Javascript module for parsing doctypes in XML document. Useful to get name, pubid and sysid whithout parsing the whole XML document Make usage of existing module :
- saxjs for SAX parsing XML document (https://github.com/isaacs/sax-js)
- piece of code of "xmldom" for splitting doctype into correc parts (https://github.com/jindw/xmldom, split function of sax.js file)
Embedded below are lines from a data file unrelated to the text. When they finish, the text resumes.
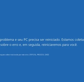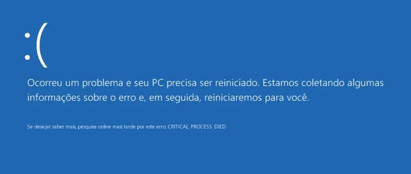 Quando isso acontece, o Windows "desliga" para evitar danos maiores. A tela exibe um código de erro (como "CRITICAL_PROCESS_DIED" ou "IRQL_NOT_LESS_OR_EQUAL"), um QR code e uma mensagem dizendo que o dispositivo "encontrou um problema e precisa ser reiniciado".
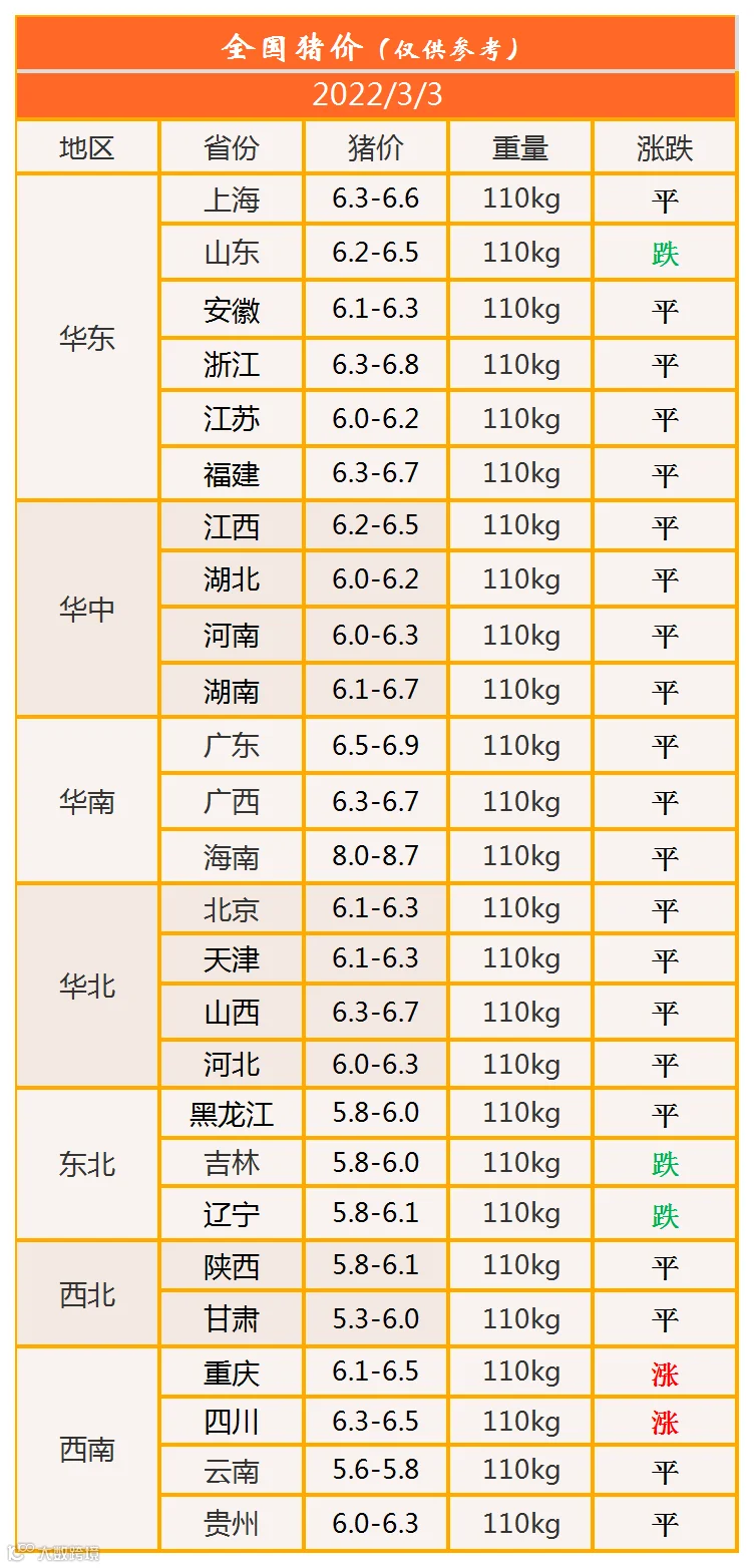 明日猪价2022年3月3日猪价信息
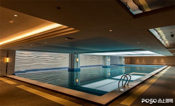 出于安全考慮,泳池上方采用了燈帶來照明,顧客游泳時不至于受到燈光干擾,人性化設(shè)計,讓光更自然。
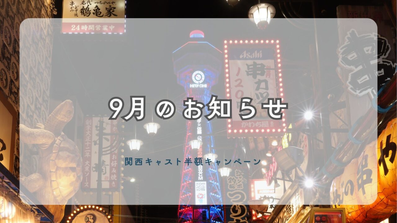 【関西キャスト半額】9月のキャンペーンのお知らせ
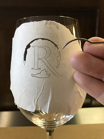 Note: I could have used my laser to imprint the Reidel glasses; however, in my experience, I have found the laser tends to fracture the glass, leaving a rougher finish. Even with laser tape designed to reduce the fracturing, the finish will not feel as smooth to the touch, nor will it be as opaque as acid glass etching or sandcarving. In this operation, a laser will only be used to cut the masking on the glass.
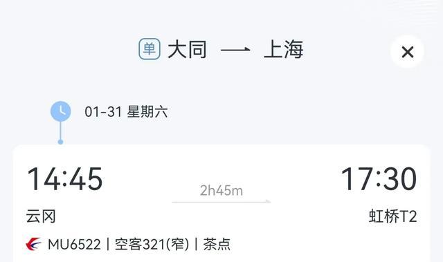 此次加密大同直飞上海虹桥航班执行日期为1月31日至3月5日,每日一班。航班具体起降时刻为:大同(14:45)—上海虹桥(17:30)、上海虹桥(10:55)—大同(13:55),航班号为MU6521/2。同时,从1月1日至3月28日,东航MU6543/4上海浦东⇌大同往返航班时刻调整为:上海浦东(17:05)—(19:35)大同、大同(20:45)—(23:15)上海浦东,每日一班。
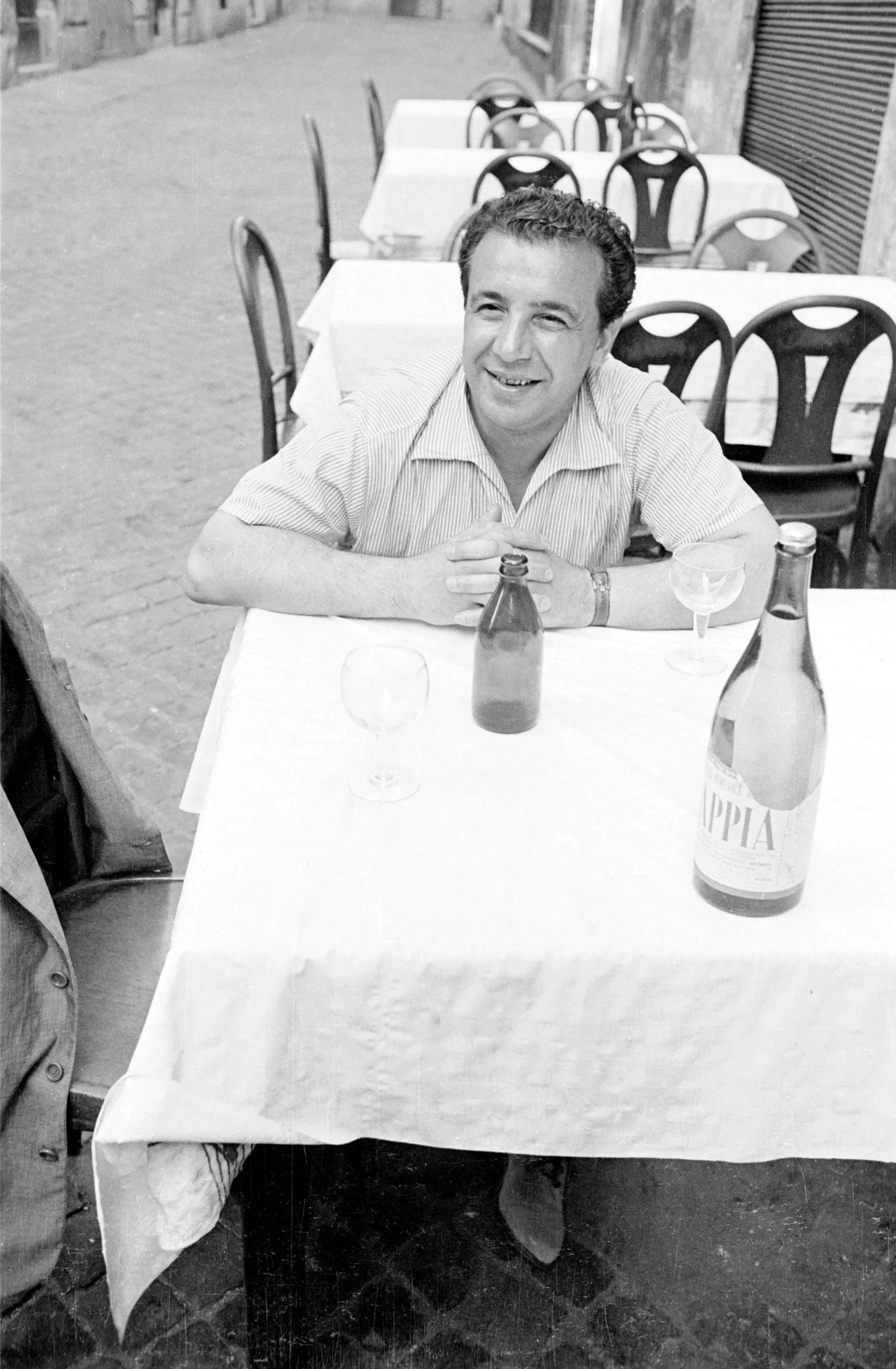Black and white photograph of a smiling man leaning over an outdoor café table with wine glasses and a labeled bottle, shot from slightly above
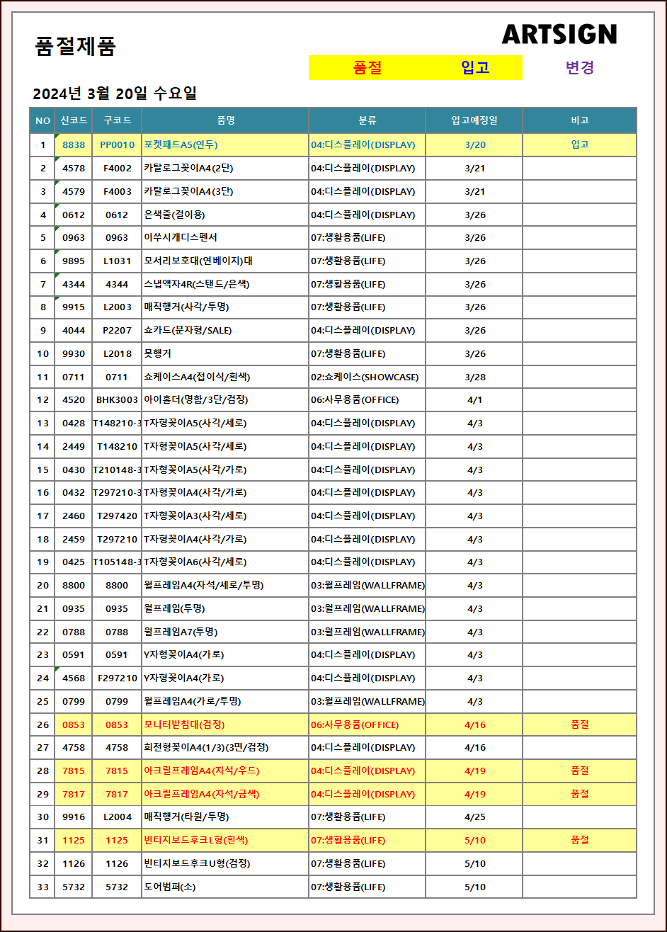품절 제품과 입고된 제품에 대해 안내 드립니다.
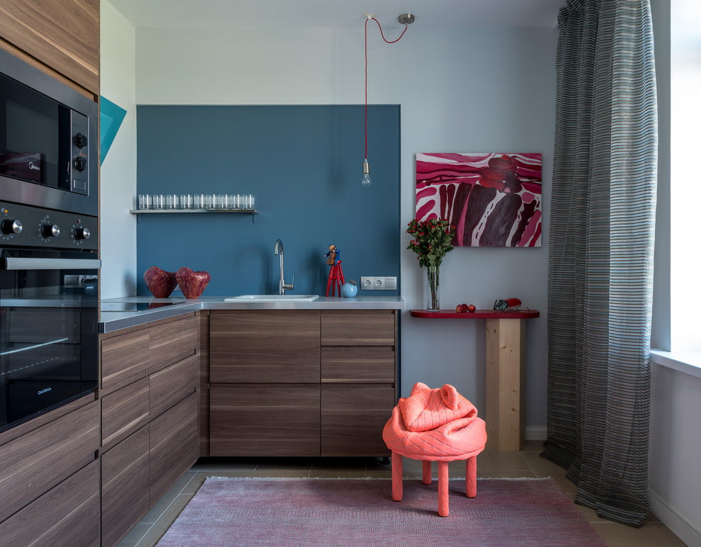 It is known that natural materials look more expensive than artificial materials, but this does not require finishing the entire kitchen in marble. The main thing is to avoid cheap imitation, the disadvantages of which are visible to the naked eye. These materials include vinyl film, linoleum with an unnatural yellow tint "wood-like", wallpaper with a banal pattern. A kitchen painted with high-quality monochromatic paint looks more expensive than wallpaper.
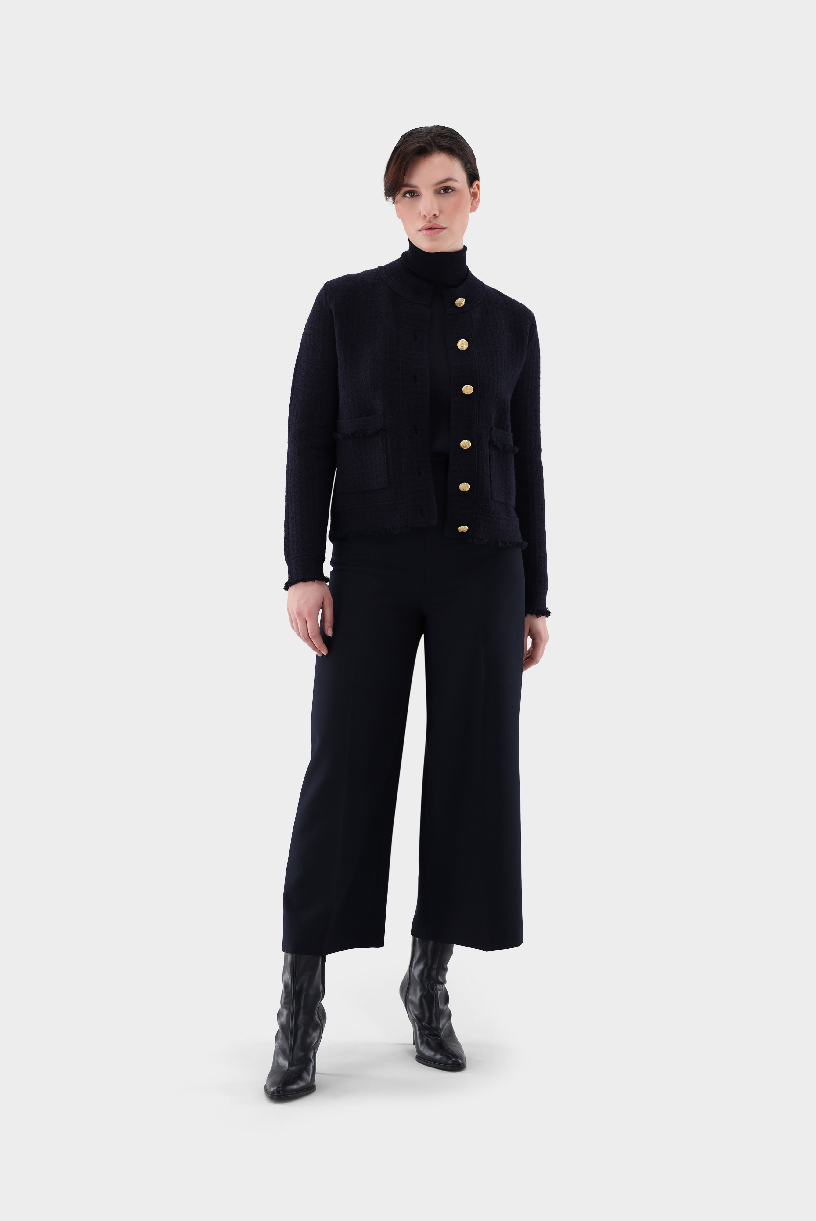 Look aus Jacke kurz geschnitten aus gestricktem Tweed
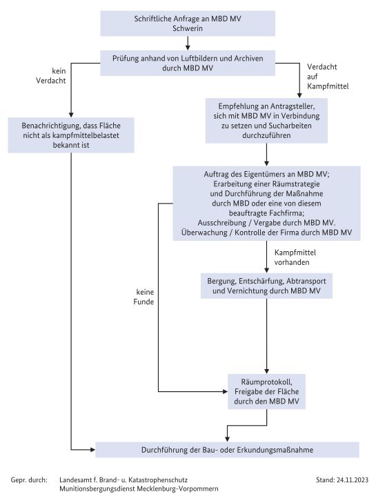 Für die Durchführung weiterer Maßnahmen muss der Grundstückseigentümer den MBD MV beauftragen. Hierzu zählt zum einen die Kampfmittelbelastungsanfrage (KMBA), bei der dem Anfragenden mitgeteilt wird, ob die betroffene Fläche als kampfmittelbelastet bekannt ist oder nicht. Die Auskunft ist gebührenpflichtig. Ab Januar 2024 besteht die Möglichkeit, eine KMBA online abzufragen, dieser Service ist kostenlos. Bei Kampfmittelverdacht können dann weitere Maßnahmen auf der Liegenschaft selbst beauftragt werden wie die Untersuchung, Sondierung, Freilegung, Bergung und Beseitigung von Kampfmitteln. Bei der Beauftragung von Fachfirmen erfolgt durch den MBD MV die „Fachaufsicht“ nach § 4 der KampfmV, d. h. die Überwachung und Kontrolle der durchgeführten Arbeiten sowie die Bestätigung der Kampfmittelfreiheit. Hierzu ist es erforderlich, dass der MBD MV vor Auftragsvergabe durch Dritte eine Überprüfung der Räumstrategie vornimmt und diese bestätigt.
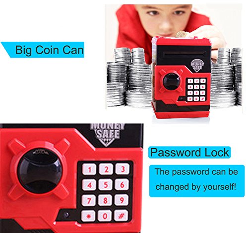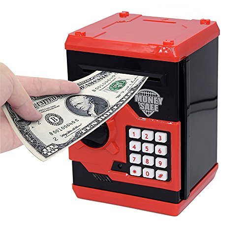 This "MONEY SAFE" guards your personal stuff. Use the sale to store things like your paper money, play jewelry, baseball cards or playing card. The coins slot at the top lets you use the safe as a piggy bank.
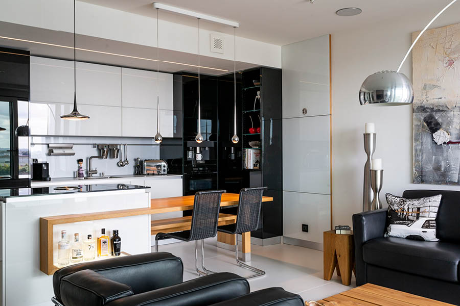Glanzvoll, zeitlos und perfekt inszeniert: Diese Hochglanzküche von der Möbeltischlerei woodendesign verbindet puristische Eleganz mit cleverer Funktionalität. In einem offenen Wohnraum mit Hafenflair setzt sie ein klares Statement – schwarz-weiße Hochglanzfronten, glänzende Oberflächen und eine harmonische Verbindung zu den umliegenden Wohnbereichen.

Readin a file from its path :
./parse-doctype test/dataset/public.xml
Output looks like this :
{ type: 'PUBLIC',
name: 'TEI.2',
pubid: '-//TEI P4//DTD Main DTD Driver File//EN',
sysid: 'http://www.tei-c.org/Lite/DTD/teixlite.dtd' }
Reading stdin :
cat test/dataset/public.xml | ./parse-doctype
Readin a file from its path :
var getDoctype = require("get-doctype");
var xmlFile = "test/dataset/public.xml";
getDoctype.parseFile(xmlFile, function(doctype) {
// Do what you want with the docytype object
});
Reading stdin :
getDoctype.parseStdin(function (doctype) {
// Do what you want with the docytype object
});
if you want to parse a string containing the XML
var xmlString =
'<?xml version="1.0"?>'
+ '<!DOCTYPE greeting SYSTEM "hello.dtd">'
+ '<greeting>Hello, world!</greeting>';
getDoctype.parseString(xmlString, function(doctype) {
// Do what you want with the docytype object
});